独身であると偽って交際を重ね、性交渉に及ぶ行為は、性的な自己決定権や人格的利益を害する「貞操権侵害」に該当し、民法709条に基づく損害賠償請求(慰謝料請求)の対象となります。
しかし、裁判を起こして相手(被告)が最初に提出してくる「答弁書」において、多くの加害者男性は自身の責任を免れようと、事実とは異なる主張を展開してきます。
本記事では、被告が提出してくる嘘の答弁に対する具体的な準備と、再反論書面の組み立て方について詳しく解説します。

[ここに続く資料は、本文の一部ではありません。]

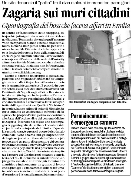 Due anni prima la città aveva conosciuto un attacchinaggio dedicato a Saviano: il suo volto, replicato decine di volte tra le “vele” di Scampia, fu come un monito a non sottovalutare il potere della parola. La parola che rompe il silenzio. Ha detto il pm Raffaele Cantone: «La criminalità organizzata, e soprattutto i casalesi, ha interesse a lavorare sott’acqua. Vuole essere lontano dai riflettori. L’interesse dei suoi boss è quello che si parli di loro il meno possibile». Così, in un’altra occasione, non molto lontana nel tempo, i volti dei boss Zagaria e Iovine comparvero nelle strade di Parma, oltraggiosamente nel cuore della Padania, come a dire: «Attenti che stanno arrivando. Persino qui.» I Casalesi furono sbeffeggiati dunque attraverso una parete -una pagina- di cemento, ovvero il materiale su cui si basa il loro potere, si ingigantisce il loro business, si consolida il silenzio.
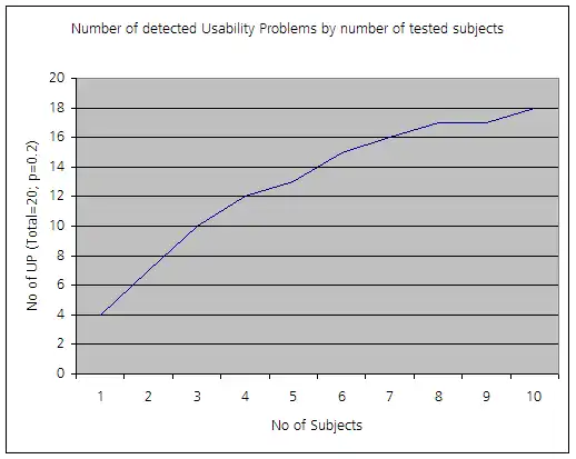 where p is the probability of one subject identifying a specific problem and n the number of subjects (or test sessions). This model shows up as an asymptotic graph towards the number of real existing problems (see figure below).
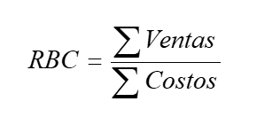 Relación Beneficio-Costo (RBC). Es aquella relación en que tanto el flujo de las ventas o beneficios como el de los costos de operación se actualizan a una tasa de interés que se considera próxima al costo de oportunidad del capital; en este caso no se utiliza ningún factor de actualización por ser un cultivo que se siembra, desarrolla y termina en un periodo de 9 meses. Para llevar a cabo la revisión de este indicador se utilizará la siguiente fórmula:
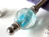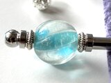 水色とクリアカラーの2トーンカラーのとんぼ玉でかんざしを作りました。
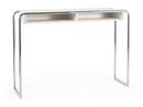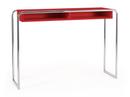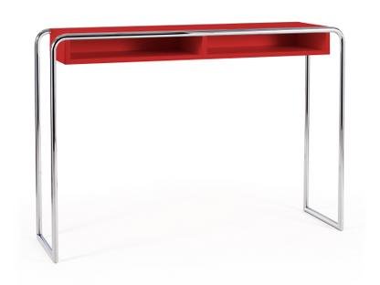 Der Beistelltisch B 108 steht ganz in der Tradition des deutschen Möbelunternehmens Thonet, das seine Erfolgsgeschichte mit der Erfindung des Wiener Kaffeehausstuhls begann, der eines der ersten funktionierenden Industrieprodukte der Welt wurde. Damals war die Technik des Bugholzformens besonders revolutionär und innovativ, doch der Hersteller ging mit der Zeit. So prägten vor allem das Bauhaus und einer seiner berühmtesten Emporkömmlinge, Marcel Breuer, den Stil und die Produktpalette des Möbelherstellers. Nun wurden nicht mehr nur Holzelemente gebogen, sondern vor allem Stahlrohr zu Stühlen, Tischen und Beistelltischen geformt. Die Produkte von Mart Stam, Marcel Breuer und Ludwig Mies van der Rohe erhielten Zuwachs durch das interne Thonet Design Team, aus dessen Feder auch der Entwurf zum B 108 stammt. Der Clou bei dem Beistelltisch besteht in seiner schmalen, eleganten Gestalt, wegen der er nahezu unbegrenzte Einsatzmöglichkeiten findet. Ob als dezenter Beistelltisch im Wohn- oder Essbereich, als reduzierte Stauraumlösung im Schlafzimmer oder als Ergänzung zur Garderobe im Flur, mit dem lackierten Holzkorpus bietet der Thonet B 108 eine Ablagefläche für allerlei Kleinigkeiten, die sich in jedem Haushalt ansammeln.

1. 被告(加害者男性)がよく使う「嘘の答弁」のパターン
裁判で訴えられた加害者男性は、自身の社会的評価の低下や金銭的負担を避けるため、しばしば次のような虚偽の主張を答弁書に記載してきます。
- 「原告(あなた)は、最初から自分が既婚者であることを知っていた」
- 「独身だと偽った覚えはなく、婚姻歴や配偶者の存在について聞かれなかったので言わなかっただけだ」
- 「交際や性交渉はすべてお互いの合意の上で行われたものであり、騙されたわけではない」
これらは、貞操権侵害訴訟における定番の言い逃れです。相手がこのような主張をしたとしても、感情的に反発するのではなく、冷静に法的な反論の準備を進めることが重要です。
2. 答弁書に対する再反論の基本方針
裁判手続きにおいて、原告側は被告の答弁書に対して「準備書面」を提出し、相手の主張の矛盾や嘘を一つずつ論破していくことになります。
再反論を組み立てる際は、以下のポイントを意識して書面を作成します。
- 主観的な記憶に頼らず、客観的な証拠を前面に出す 「言った・言わない」の水掛け論になると、裁判官に事実関係を認定してもらうことが難しくなります。LINEやメールのやり取り、SNSの投稿、共通の知人とのやり取りなど、客観的な証拠と照らし合わせて相手の主張を崩します。
- 「既婚者であることを隠していた」事実の立証 相手が「知っていたはずだ」と主張する場合、あなたが独身だと信じ込ませるような相手の発言(「独身だから結婚を前提に付き合ってほしい」「一人暮らしをしている」など)の履歴を時系列で整理し、騙されていたことを立証します。
- 「合意の上」という主張の法的評価を覆す 仮に性交渉そのものに表面的な同意があったとしても、それが「独身であるという前提(重要事項)」が偽られていた環境下でなされたものである以上、その同意は瑕疵ある(法的に有効とは言えない)ものであると主張します。
3. 再反論書面で活用できる具体的な証拠の例
被告の嘘の答弁に対抗するためには、以下のような証拠が強力な武器となります。
- メッセージアプリの履歴(LINEやDMなど) 交際期間中のやり取りの中で、相手が独身を装っていた発言や、将来の結婚を匂わせる発言、家族の存在を巧妙に隠していたことが分かるテキストデータ。
- デートの目撃証言や写真・領収書など 特定の曜日や時間帯しか会おうとしなかった不自然な状況や、自宅に招かれたことがなく常にホテルや相手の指定する場所であったことなどを裏付ける資料。
- 日記やメモ 交際当時の記憶を時系列で詳細に記録していた日記や、相手から言われた言葉を備忘録として残していたメモ。
4. 嘘の答弁に直面したときの注意点
裁判の途中で相手から理不尽な嘘をつかれると、精神的なストレスや怒りを感じることは無理もありません。しかし、以下の点に注意して対応してください。
- 感情的な表現を避ける 準備書面や法廷での陳述において、相手をただ罵倒するような感情的な言葉を並べても、裁判官の心証を良くすることには繋がりません。あくまで事実と証拠に基づいた論理的な反論に徹することが勝利への近道です。
- 専門家である弁護士のサポートを受ける 相手が巧妙な嘘や不誠実な主張を繰り返す場合、個人でこれに対抗して的確な準備書面を作成するのは非常に大きな負担となります。裁判実務に通じた弁護士に代理人を依頼することで、法的に有効な主張と証拠の整理をスムーズに行うことができます。
まとめ
貞操権侵害訴訟において、被告側が「既婚と知っていた」「合意の上だった」と嘘の答弁をしてくることは珍しくありません。しかし、これらは責任逃れのための典型的な主張であり、客観的な証拠を時系列で整理して準備書面で論理的に反論すれば、十分に打破することが可能です。「言った・言わない」の水掛け論を避け、メッセージ履歴や交際時の状況証拠を的確に提示しながら、裁判を優位に進めていきましょう。嘘の答弁や書面作成への対応に不安がある場合は、早めに専門家である弁護士へ相談することをおすすめします。